I received the Gigandet Sea Ground Auto G2-002 in black/silver, and I have to say that for my £140, it looks and feels very well made and finished. It also comes with the Seiko NH35 (hacking) movement, which will ought to be a workhorse movement certainly up to ETA standards. I bought the watch to wear on those occasions when I don't want to be sporting expensive hardware on my wrist, and so far the only problem may be with the bracelet. Having left the watch with the local jeweller to have some links removed, they told me they would probably only be able to take out 3 links, which may or maybe not sufficient. It would be a pity to lose the bracelet, as it seems to be quite well made, with solid links albeit secured by pins, as you would expect for the price. the bezel is nice with only a little play, and the crown, to my mind, often a weak point on cheap watches, seems fine. Having handled the watch, I'm a little surprised by the negative comments here; a Sub it aint, but there are far worse on the market.


----------



## JayDeep (Dec 31, 2016)

Rustynuts said:


> I received the Gigandet Sea Ground Auto G2-002 in black/silver, and I have to say that for my £140, it looks and feels very well made and finished. It also comes with the Seiko NH35 (hacking) movement, which will ought to be a workhorse movement certainly up to ETA standards. I bought the watch to wear on those occasions when I don't want to be sporting expensive hardware on my wrist, and so far the only problem may be with the bracelet. Having left the watch with the local jeweller to have some links removed, they told me they would probably only be able to take out 3 links, which may or maybe not sufficient. It would be a pity to lose the bracelet, as it seems to be quite well made, with solid links albeit secured by pins, as you would expect for the price. the bezel is nice with only a little play, and the crown, to my mind, often a weak point on cheap watches, seems fine. Having handled the watch, I'm a little surprised by the negative comments here; a Sub it aint, but there are far worse on the market.


 Wow digging this one out of the grave huh?

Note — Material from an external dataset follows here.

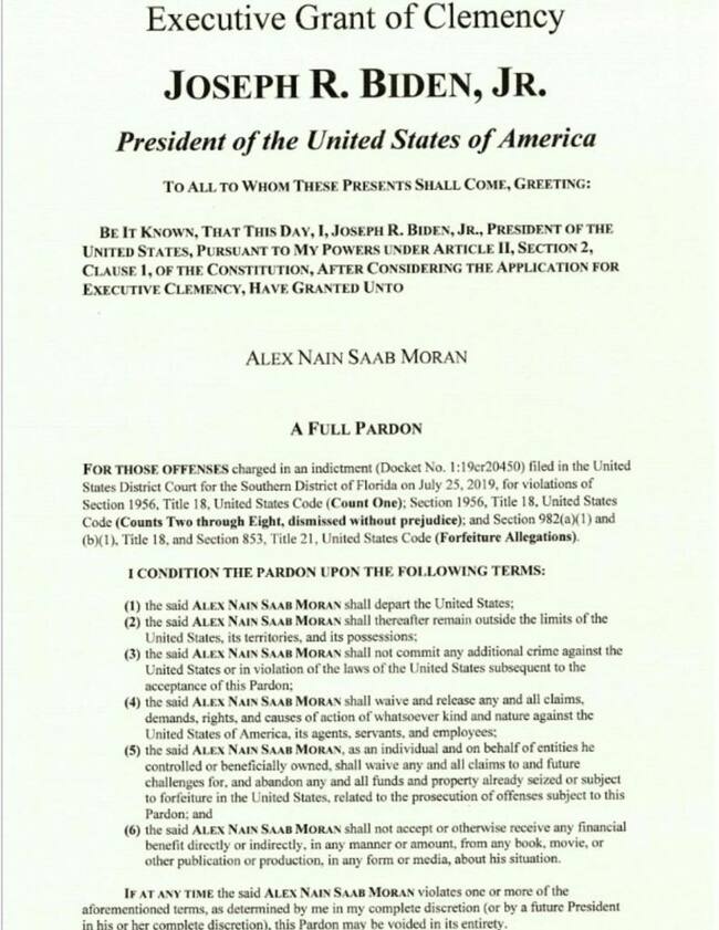 W Radio tuvo acceso a un revelador documento emitido por el Gobierno del presidente Joe Biden. Se trata del documento conocido como orden ejecutiva de clemencia en el caso de Alex Saab.
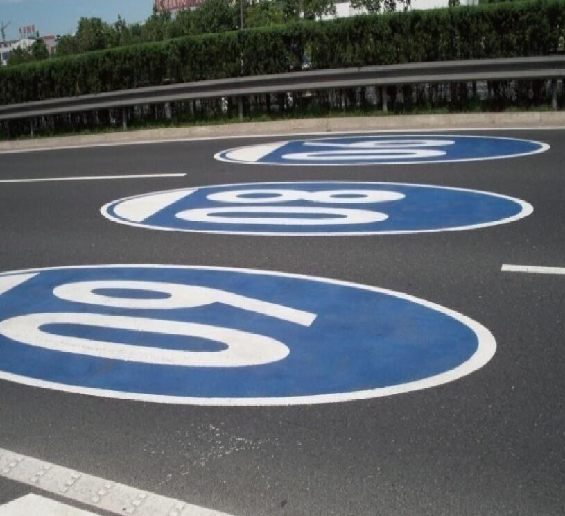 5、建議在進(jìn)入隧道入口通道及前方地面設(shè)置彩色熱熔預(yù)成型落地限速標(biāo)志,落地標(biāo)志上采用圖案和文字提示不同種類的車輛行駛方向,顏色均采用標(biāo)準(zhǔn)的交通色。彩色熱熔預(yù)成型落地標(biāo)志與交通標(biāo)志形成立體的交通指引模式。

I wouldn't call any base Seiko movement "up to ETA standards". As the given variances for time keeping is very different, on paper, between the entirety of each line. Still, I can't completely knock any Seiko movement, even though I want to. They are proven workhorses and do it without need of much to any maintenance.

I've heard good things about Gigandet, other than the name itself, which should never be uttered aloud in sophisticated company. Stupidest name I've ever heard with very few exceptions.

Stuhrling I've never personally owned and only heard and read very mixed views on. I think they make some real junk and some decent junk.


----------



## RWP (Nov 8, 2015)

Stuhrling are mediocre at best and seem to have decided to put their prices up lately. I've had a couple and they are in a drawer somewhere


----------



## rodiow (Nov 6, 2004)

I'm not sure why Gigandet and Stuhrling ?.....as mentioned above the sea ground auto is a pretty nice watch, I think any model Gigandet do is better than anything Stuhrling have, Stuhrling try and impress with a ridiculously huge box,

If a Sea ground auto can be found for around £100 you wouldnt have done too bad but lots of competition and better bang for your buck in this price range with many other makes, IMO


----------



## niveketak (Jun 11, 2016)

I really like my Gigandet and it keeps time well enough for me and I know its not a diver but the quality seems pretty good.


----------